Aullando, aunque sus alaridos y agitar de brazos se perdían en la nada y en la noche ahogados por el retumbar de los motores y el batir de las hélices, contemplaron horrorizados cómo aquella ingente masa de hierro y luces se precipitaba sobre el «Isla de Lobos» para enviarle al más profundo de los abismos de un solo golpe, pero en el último momento y sin más razón que el capricho del destino o la voluntad del abuelo Ezequiel que desvió un punto el pulso del timonel, el «Mongolia» varió su rumbo un grado a estribor, y pasó y siguió pasando durante un tiempo que se les antojó infinito a no más de quince metros de distancia.

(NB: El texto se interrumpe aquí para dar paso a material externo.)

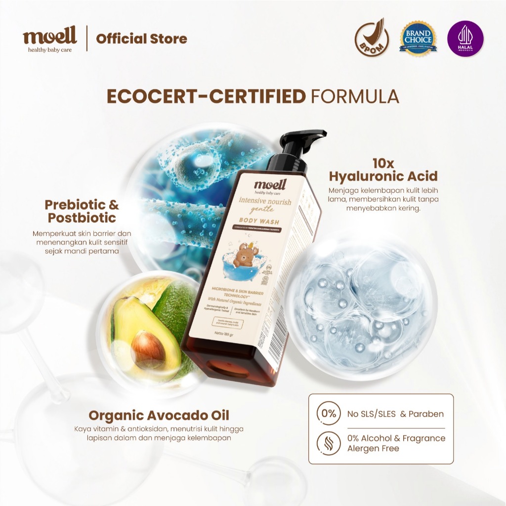 Moell Intensive Nourish Gentle Body Wash Bayi Anak 185gr Kulit Kering dan Sensitif - Sabun Mandi Tanpa SLS & Alkohol - M
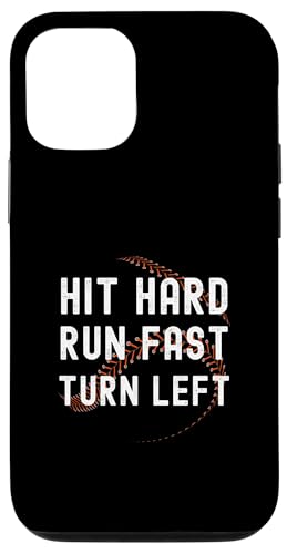 Hit Hard Run Fast Turn Left Baseball Softball Pun Baseballer Coque pour iPhone 12/12 Pro
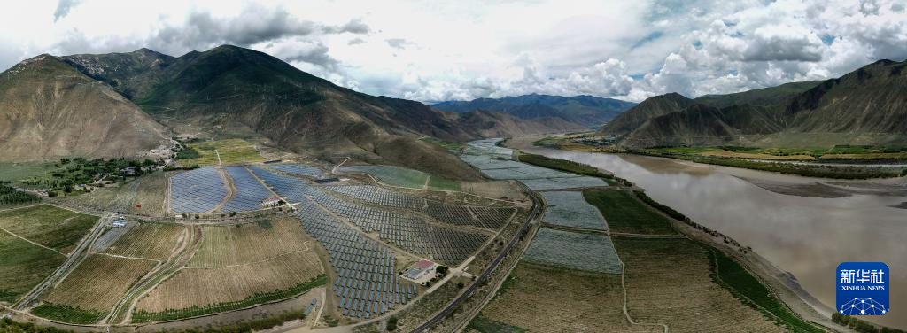 鳥瞰桑日縣葡萄種植基地(7月26日攝,無(wú)人機(jī)照片)。新華社記者 姜帆 攝
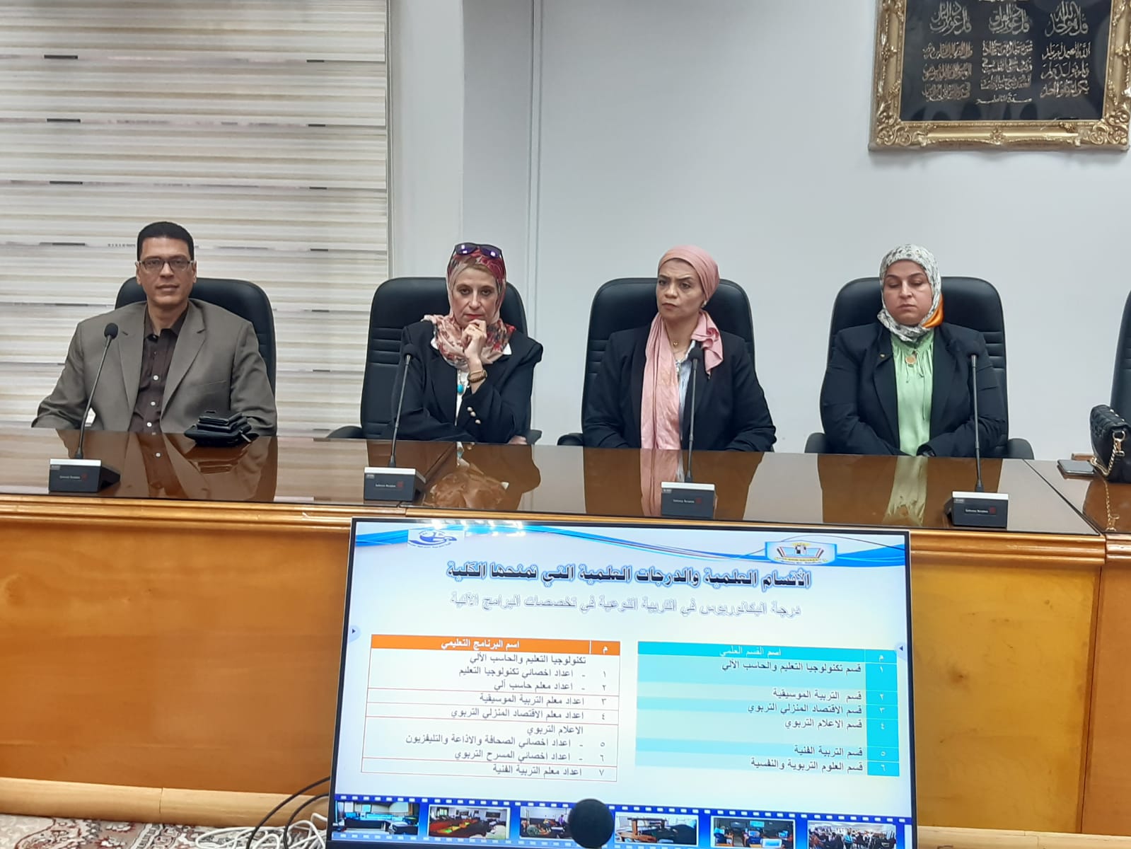 وبدأ الاجتماع حيث قام عميد كلية التربية النوعية بشرح نبذة عن تطور الكلية والتعرف على برامجها الحالية واقسامها العلمية والدرجات العلمية التى تمنحها الكلية وانشطة الكلية المختلفة داخل وخارج الكلية
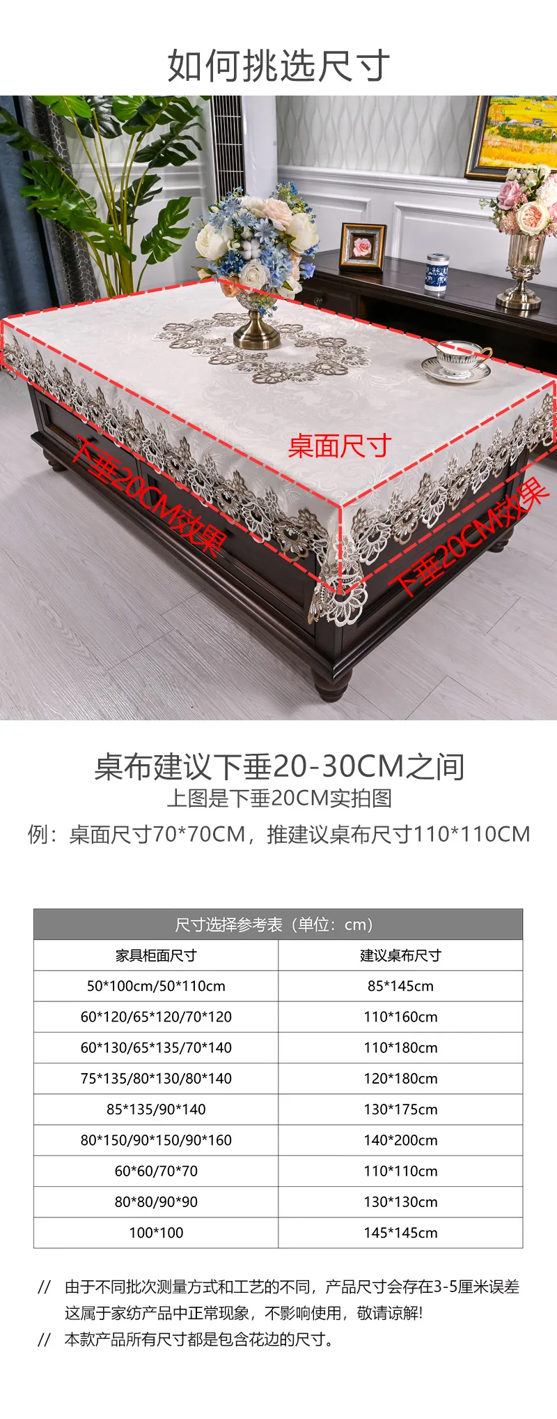 Length = table length + (30~40cm, so four sides droop 15~20cm)
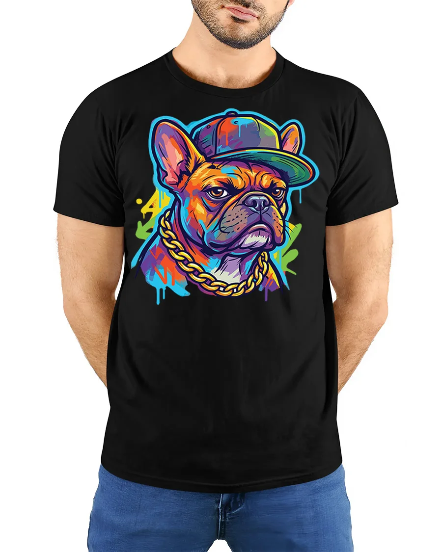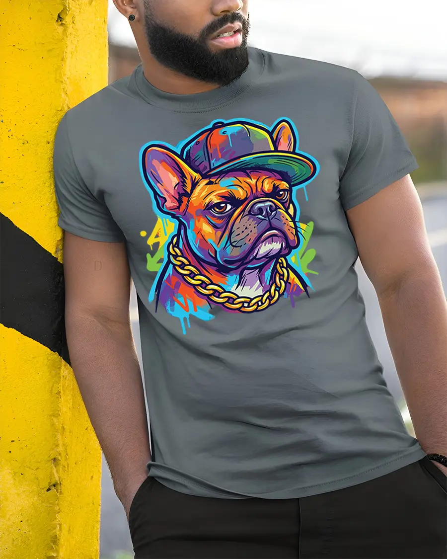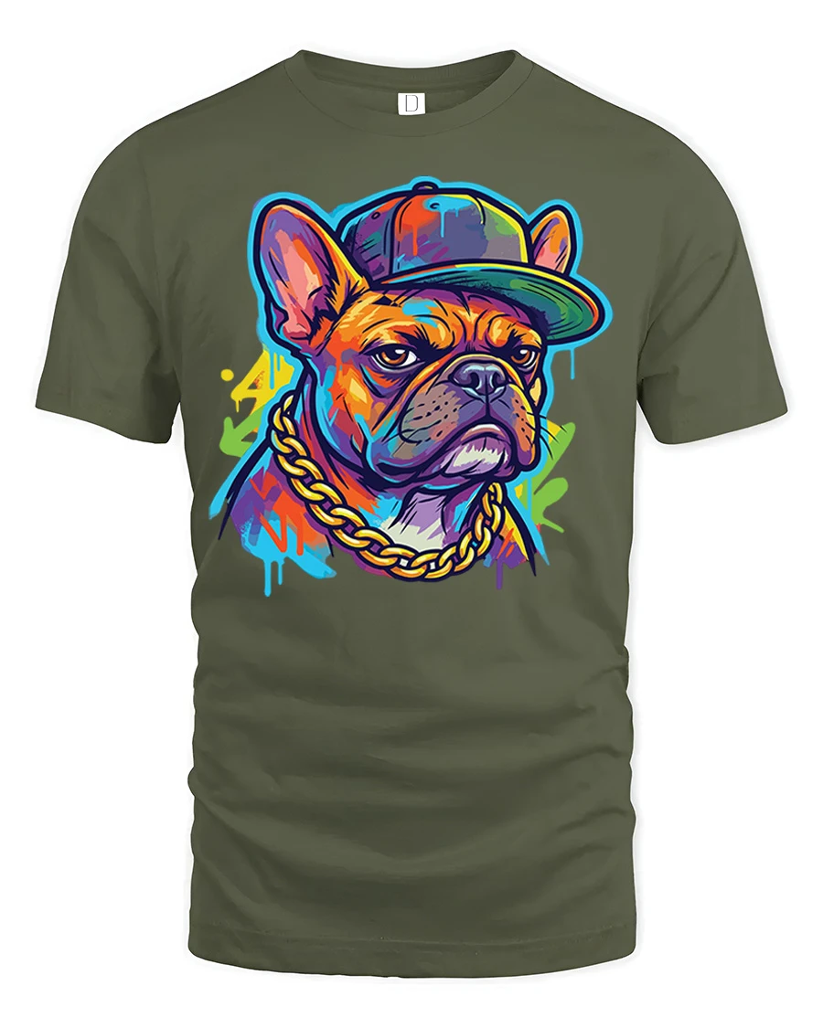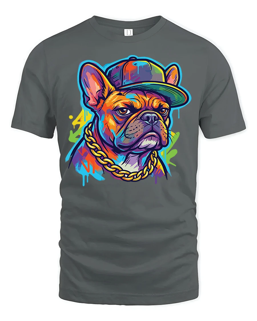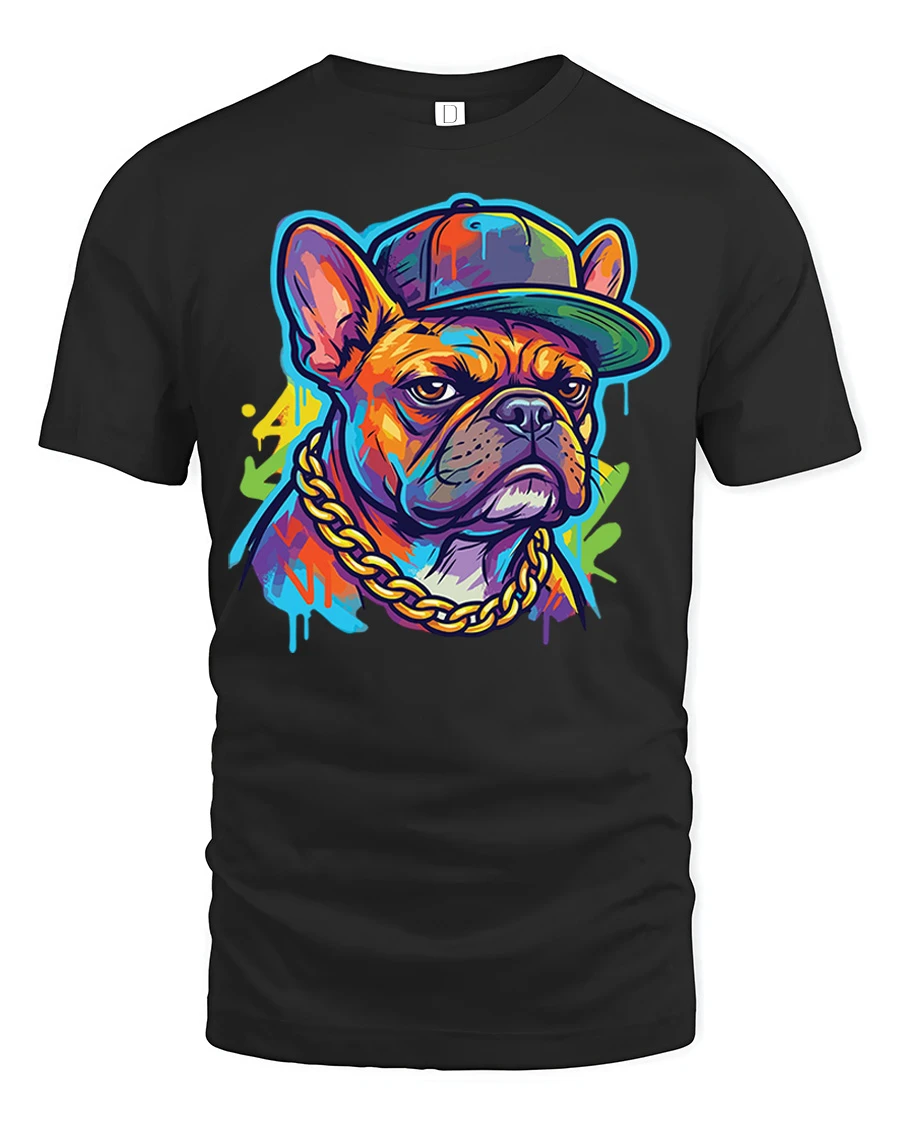 Featuring a confident French bulldog wearing a cap and chain, this graphic captures street culture and modern artistic flair in a fun and eye catching way.
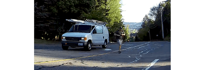 As we were on our way up Brickyard Road, a van pulled into the center lane and the driver jogged toward us.
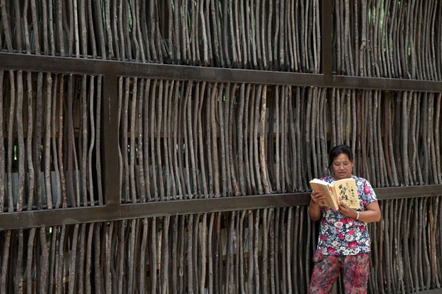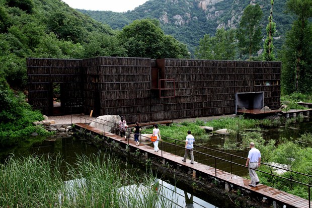 Čínska knižnica zo skla a drevených paličiek
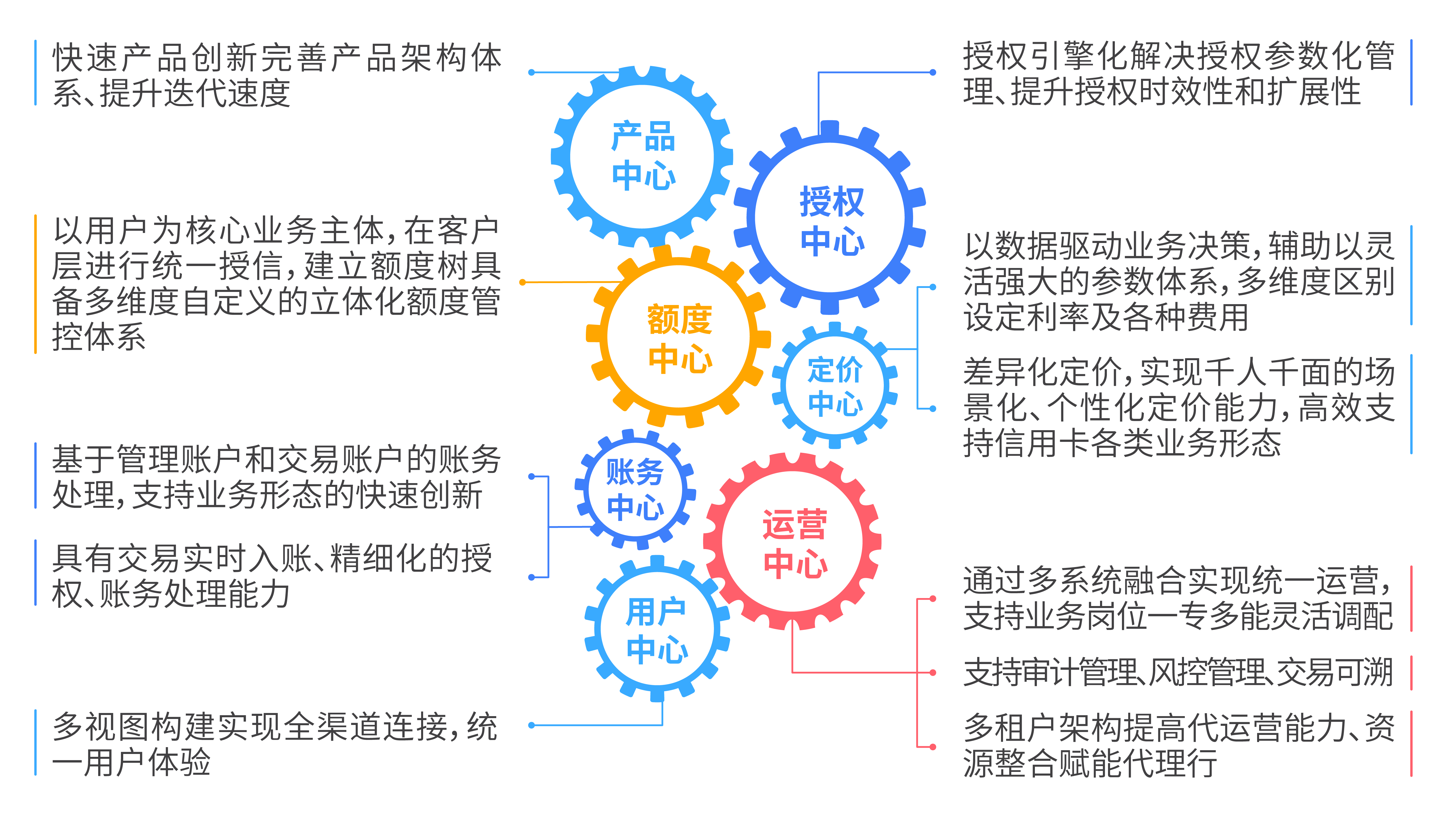 新一代信用卡核心系統(tǒng)基于微服務(wù)化的基本思想,建立各種彼此獨(dú)立又互相協(xié)作的產(chǎn)品中心、定價(jià)中心、額度中心、授權(quán)中心、賬務(wù)中心、運(yùn)營中心、用戶中心等,并以此為依托進(jìn)行產(chǎn)品創(chuàng)新和業(yè)務(wù)的集中運(yùn)營,從多層面有效支撐銀行信用卡業(yè)務(wù)的飛速發(fā)展。

Atrapada de plano por la marejada enloquecida que provocaban las enormes hélices, la goleta se estremeció de proa a popa, crujió, cabeceó y se balanceó a punto a cada instante de mostrar su quilla al aire; se sacudió arrojando de un lado a otro a sus pasajeros que tuvieron que aferrarse entre sí y a cuanto encontraban, y con el último y definitivo esfuerzo de su larga existencia resistió aturdida los embates de aquel Océano violentamente despertado de su largo sopor y quedó meciéndose herido de muerte sobre unas aguas que, poco a poco, volvían a amansarse. Aquél había sido su canto del cisne, y lo sabía.